WORK REQUIRED: Print the listing exactly as it stands. Skip every picture.

PROVIDED DATA:
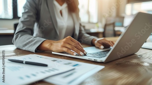 businesswoman, woman, working, laptop, computer, office, desk, paperwork, document, datum, analysis, research, business, professional, typing, keyboard, hand, finger, day, light, window, table, wooden, white, grey, suit, shirt, pen, paper, modern, technology, cyberspace, communication, productivity, sharpened, concentration, success, career, job, work, employee, businessperson, finance, marketing, sale, strategy
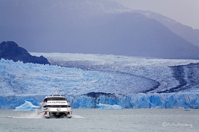 Gleich am Anfang hielt das Boot bei einem Kondornest in einer Felswand, in dem ein Kondor mit einem Jungvogel saß. Es war schon aufregend, diese tollen Vögel einmal aus der Nähe anzuschauen. Als nächstes erreichten wir den Spegazzini-Gletscher, der sich uns von seiner schönsten Seite zeigte, denn gerade als wir dort ankamen, schaute noch einmal kurz die Sonne durch die Wolken und beleuchtete das Eis. Das war wirklich eine beeindruckende Vorstellung. Dann ging die Fahrt zügig mit ca. 45 km/h weiter zum nächsten Höhepunkt, dem Upsala-Gletscher. Die Gletscherkante ist 16 km lang und schon durch ihre Größe sehr eindrucksvoll, da kommt man sich selbst in dem großen Katamaran sehr klein vor. Weiter ging es durch riesige blaue Eisberge, die zum Teil in den verschiedensten Blautönen schimmerten. Durch die schnelle Fahrt und immer wieder etwas Regen hatte es ziemlich abgekühlt und wir waren froh, unsere dicken Jacken, Mützen und Handschuhe mit an Bord genommen zu haben. Zum Abschluss legten wir in der Onelli-Bucht an und hatten dort zwei Stunden Aufenthalt. Eine englisch sprechende Reiseleiterin führte uns durch einen kleinen Wald voller knorriger Bäume und Farne zur Onelli-Bucht, in der mehrere Gletscher zu sehen sind. Im See schwammen viele kleine Eisberge. Chris konnte sogar einen „fangen“ und mal kosten. Leider setzten sich dann etwas später die Regenwolken durch und so wanderten wir im Dauerregen zurück auf das Boot. Die Rückfahrt verlief zügig und ohne Stopps. Trotzdem waren wir fast die ganze Zeit fasziniert draußen und genossen die Landschaft. Chris musste sich noch den obligatorischen Gletschereis-Whisky kaufen, denn zuvor hatte die Mannschaft einen großen Eisbrocken aus dem Wasser gefischt. Der Ausflug war ein voller Erfolg und wir können diese Tour nur jedem Reisenden empfehlen, denn es ist einfach gigantisch, so nah an die Gletscher und Eisberge heranzukommen, die inmitten einer wunderschönen Landschaft liegen. Den restlichen Nachmittag verbrachten wir am Lago Argentino und machten ein paar Schlechtwetterbilder, bei sagenhaftem Wind und einer bedrohlichen Wolkenstimmung. Zum Abend fuhren wir wieder auf unsere Campsite am Lago Rocca, genossen die heissen Duschen und verarbeiteten die Eindrücke des Tages. Tageskilometer: Puerto Bandera - Lago Argentino - Lago Rocca 126 km Übernachtung: Lago Rocca ( 24 Peso) - Argentinien Parkeintritt: 30 Peso am Hafen Dreigletscherbootsfahrt: 175 Peso p. P. | |||
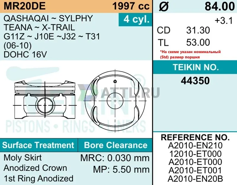 Комплект поршней MR20DE
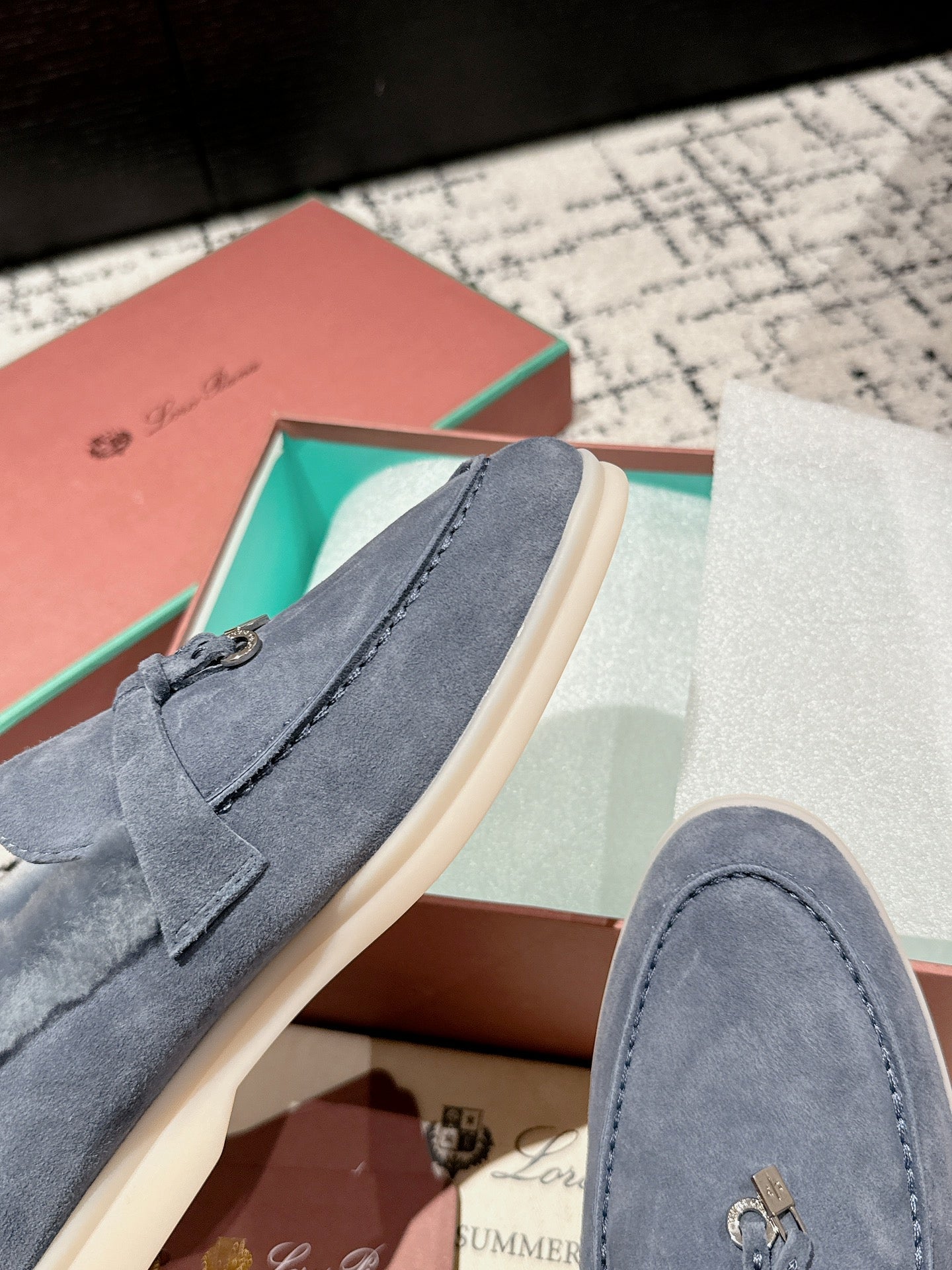 LP Summer Charms Walk Loafers In Light Aegean Suede With Rabbit Fur Lining 985647

TASK RESULT:
 businesswoman, woman, working, laptop, computer, office, desk, paperwork, document, datum, analysis, research, business, professional, typing, keyboard, hand, finger, day, light, window, table, wooden, white, grey, suit, shirt, pen, paper, modern, technology, cyberspace, communication, productivity, sharpened, concentration, success, career, job, work, employee, businessperson, finance, marketing, sale, strategy
 Gleich am Anfang hielt das Boot bei einem Kondornest in einer Felswand, in dem ein Kondor mit einem Jungvogel saß. Es war schon aufregend, diese tollen Vögel einmal aus der Nähe anzuschauen. Als nächstes erreichten wir den Spegazzini-Gletscher, der sich uns von seiner schönsten Seite zeigte, denn gerade als wir dort ankamen, schaute noch einmal kurz die Sonne durch die Wolken und beleuchtete das Eis. Das war wirklich eine beeindruckende Vorstellung. Dann ging die Fahrt zügig mit ca. 45 km/h weiter zum nächsten Höhepunkt, dem Upsala-Gletscher. Die Gletscherkante ist 16 km lang und schon durch ihre Größe sehr eindrucksvoll, da kommt man sich selbst in dem großen Katamaran sehr klein vor. Weiter ging es durch riesige blaue Eisberge, die zum Teil in den verschiedensten Blautönen schimmerten. Durch die schnelle Fahrt und immer wieder etwas Regen hatte es ziemlich abgekühlt und wir waren froh, unsere dicken Jacken, Mützen und Handschuhe mit an Bord genommen zu haben. Zum Abschluss legten wir in der Onelli-Bucht an und hatten dort zwei Stunden Aufenthalt. Eine englisch sprechende Reiseleiterin führte uns durch einen kleinen Wald voller knorriger Bäume und Farne zur Onelli-Bucht, in der mehrere Gletscher zu sehen sind. Im See schwammen viele kleine Eisberge. Chris konnte sogar einen „fangen“ und mal kosten. Leider setzten sich dann etwas später die Regenwolken durch und so wanderten wir im Dauerregen zurück auf das Boot. Die Rückfahrt verlief zügig und ohne Stopps. Trotzdem waren wir fast die ganze Zeit fasziniert draußen und genossen die Landschaft. Chris musste sich noch den obligatorischen Gletschereis-Whisky kaufen, denn zuvor hatte die Mannschaft einen großen Eisbrocken aus dem Wasser gefischt. Der Ausflug war ein voller Erfolg und wir können diese Tour nur jedem Reisenden empfehlen, denn es ist einfach gigantisch, so nah an die Gletscher und Eisberge heranzukommen, die inmitten einer wunderschönen Landschaft liegen. Den restlichen Nachmittag verbrachten wir am Lago Argentino und machten ein paar Schlechtwetterbilder, bei sagenhaftem Wind und einer bedrohlichen Wolkenstimmung. Zum Abend fuhren wir wieder auf unsere Campsite am Lago Rocca, genossen die heissen Duschen und verarbeiteten die Eindrücke des Tages. Tageskilometer: Puerto Bandera - Lago Argentino - Lago Rocca 126 km Übernachtung: Lago Rocca ( 24 Peso) - Argentinien Parkeintritt: 30 Peso am Hafen Dreigletscherbootsfahrt: 175 Peso p. P. | |||
 Комплект поршней MR20DE
 LP Summer Charms Walk Loafers In Light Aegean Suede With Rabbit Fur Lining 985647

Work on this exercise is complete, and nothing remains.